WHAT THE TASK ASKS ->
The pictures stay out. Please retype every line below exactly.
SUPPLIED MATERIAL Block Start
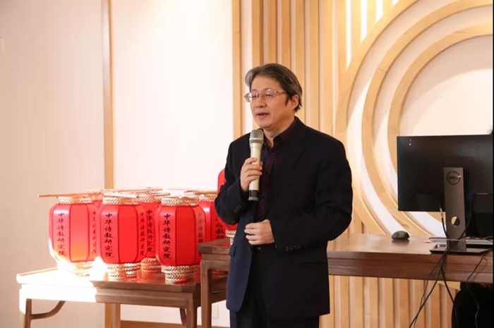 图为唱道文化教育集团董事长、中华诗教研究院院长胡维瑾致辞
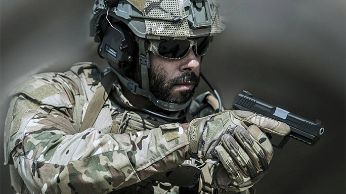 The pistol comes with or without a manual safety, pending what the shooter wants. It also has an easily rackable slide with improved front and rear cocking serrations; enhanced ergonomics with an improved grip angle; and a low barrel axis for reduced recoil.
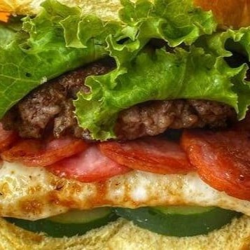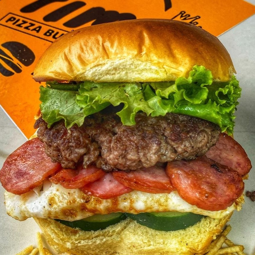 Pão bola, carne 80g, ovo, calabresa, pepino, alface e batata palha!
SUPPLIED MATERIAL Block End
REPLY ->
 图为唱道文化教育集团董事长、中华诗教研究院院长胡维瑾致辞
 The pistol comes with or without a manual safety, pending what the shooter wants. It also has an easily rackable slide with improved front and rear cocking serrations; enhanced ergonomics with an improved grip angle; and a low barrel axis for reduced recoil.
 Pão bola, carne 80g, ovo, calabresa, pepino, alface e batata palha!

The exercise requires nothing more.